▶ EXERCISE DETAILS:
Take the lines below from the one with "Maros-Torda county of" through the one with "PLATE No. 101- A—" and print only them, exactly. Don't print the pictures.

▶ INFORMATION SHOWN:

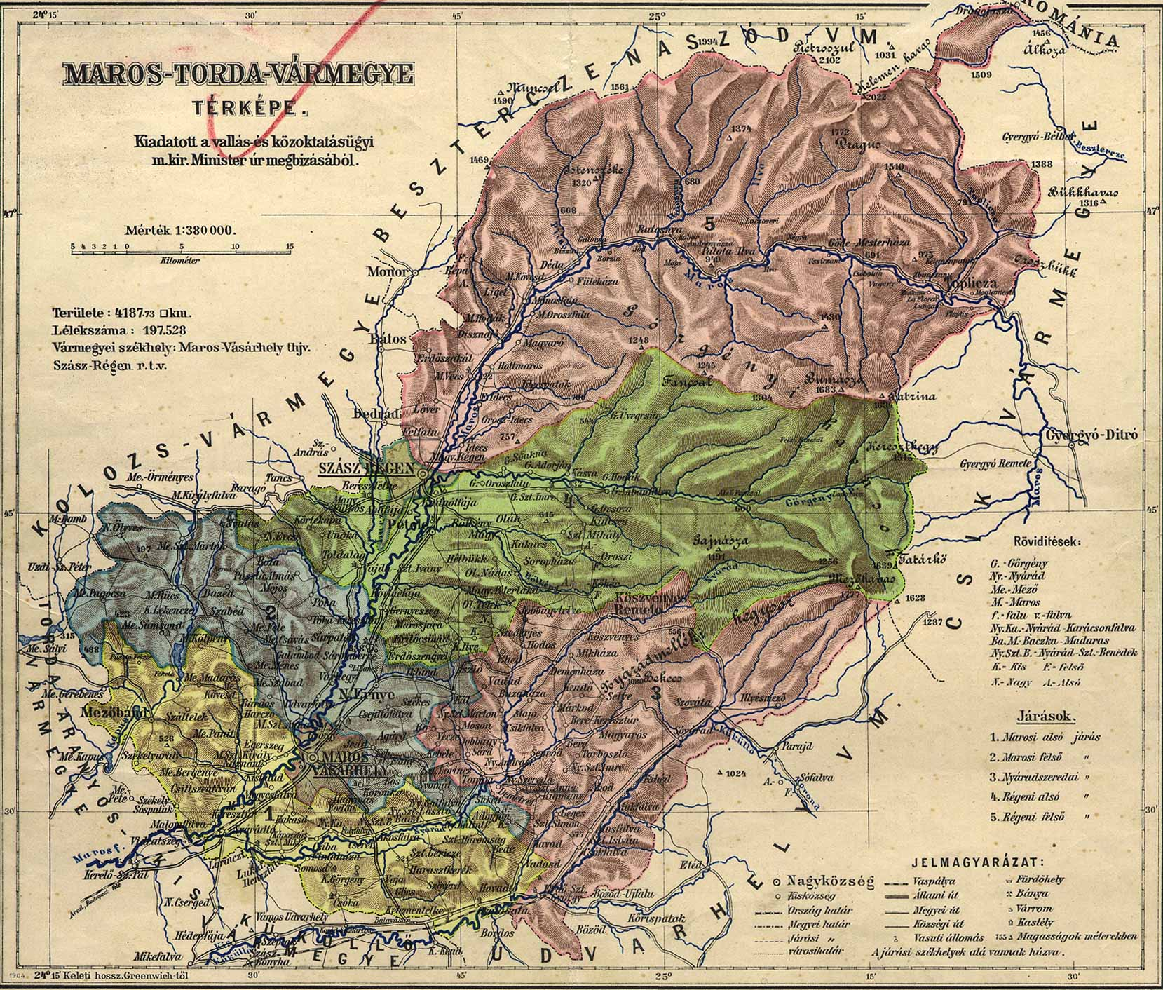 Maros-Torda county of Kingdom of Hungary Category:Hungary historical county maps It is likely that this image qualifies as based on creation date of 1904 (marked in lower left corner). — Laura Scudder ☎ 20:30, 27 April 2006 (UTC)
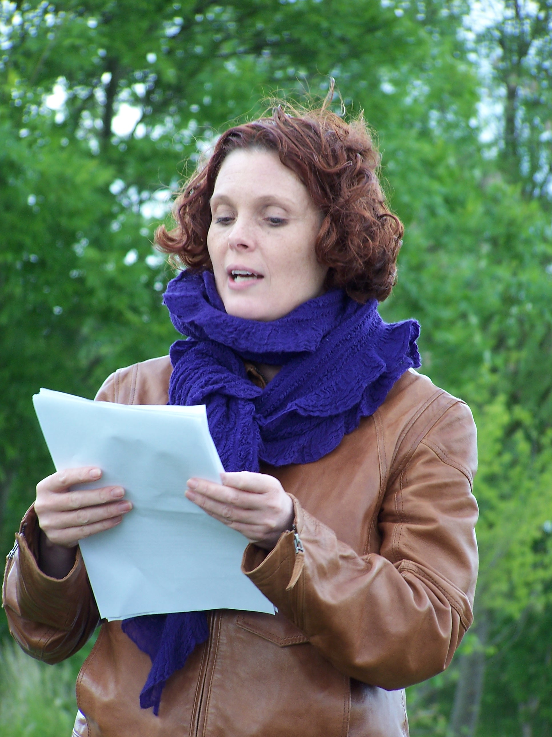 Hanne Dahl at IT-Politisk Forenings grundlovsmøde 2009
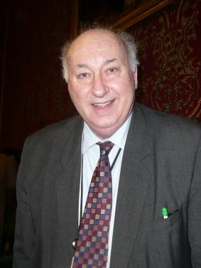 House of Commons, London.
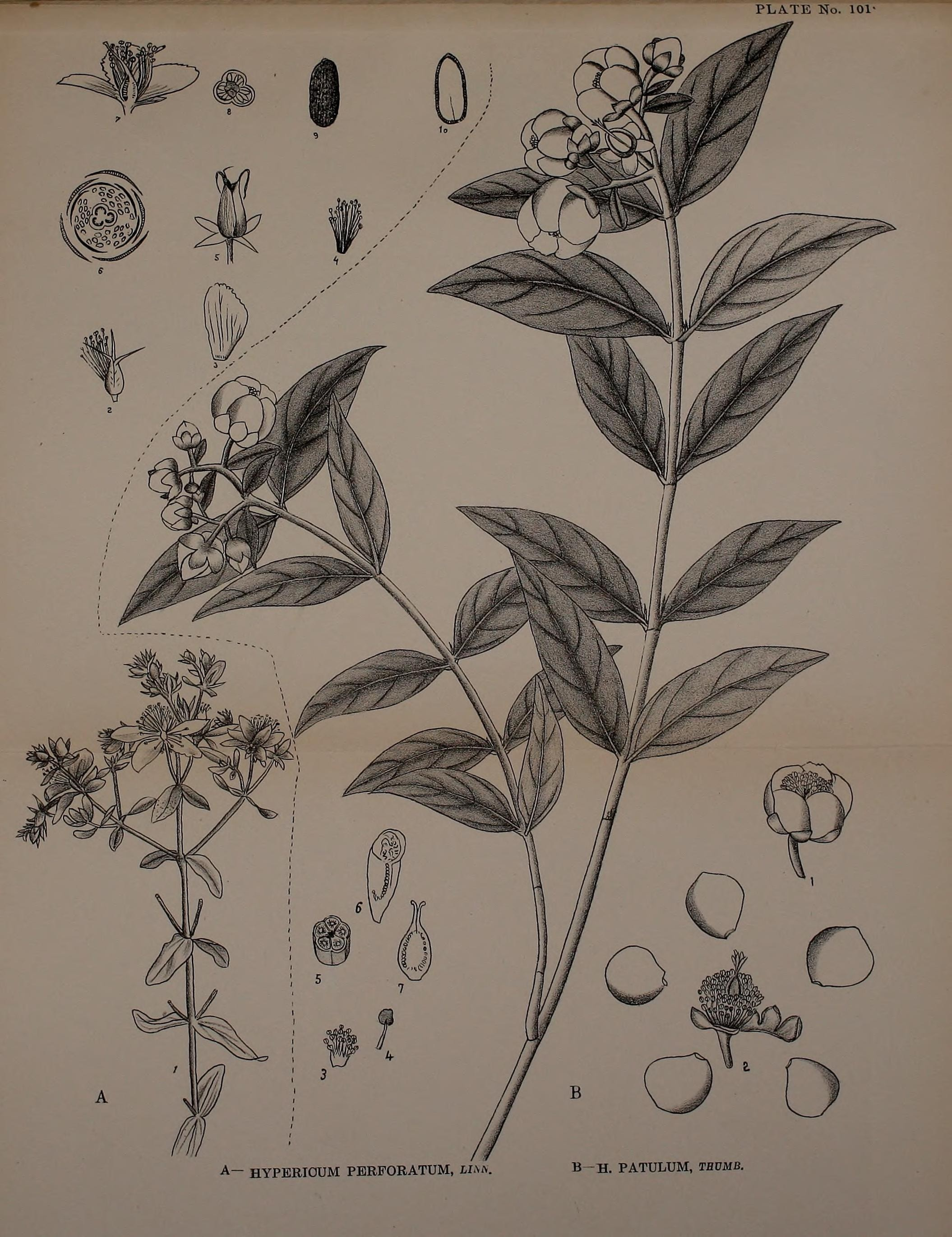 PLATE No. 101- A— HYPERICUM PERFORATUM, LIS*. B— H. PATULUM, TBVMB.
...
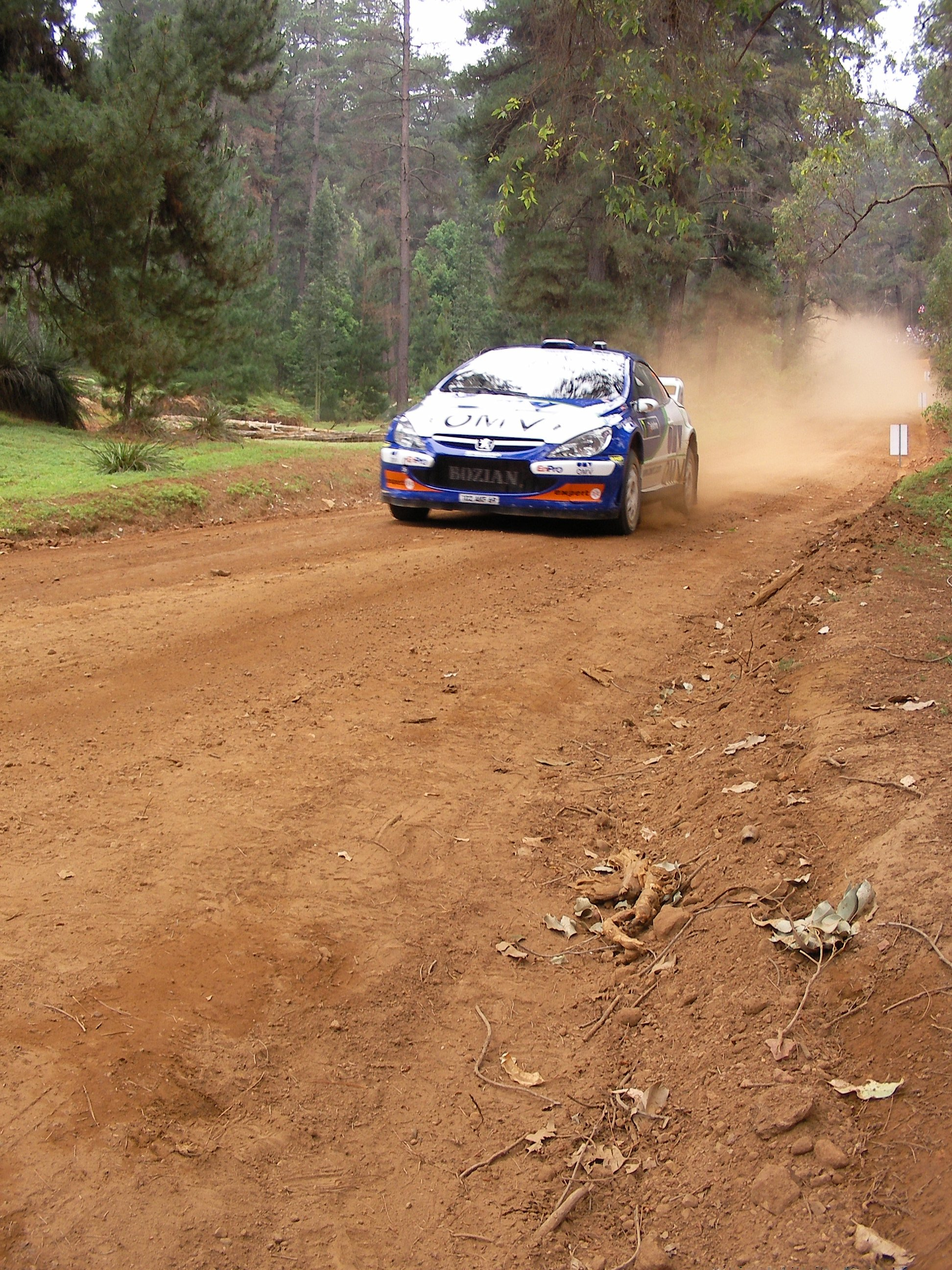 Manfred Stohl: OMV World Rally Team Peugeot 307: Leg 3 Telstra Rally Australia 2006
==
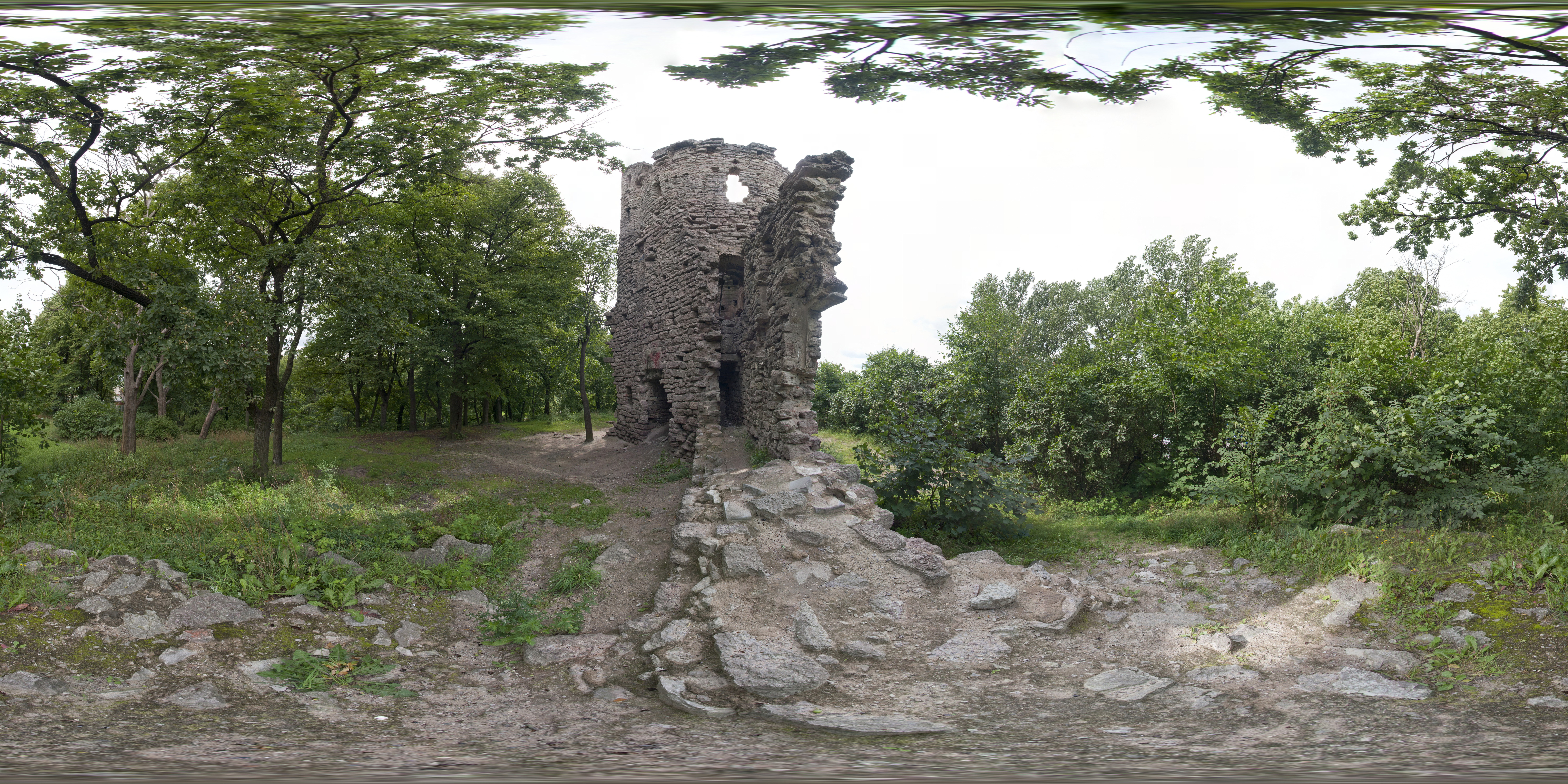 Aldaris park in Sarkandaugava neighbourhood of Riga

▶ YOUR RESPONSE:
 Maros-Torda county of Kingdom of Hungary Category:Hungary historical county maps It is likely that this image qualifies as based on creation date of 1904 (marked in lower left corner). — Laura Scudder ☎ 20:30, 27 April 2006 (UTC)
 Hanne Dahl at IT-Politisk Forenings grundlovsmøde 2009
 House of Commons, London.
 PLATE No. 101- A— HYPERICUM PERFORATUM, LIS*. B— H. PATULUM, TBVMB.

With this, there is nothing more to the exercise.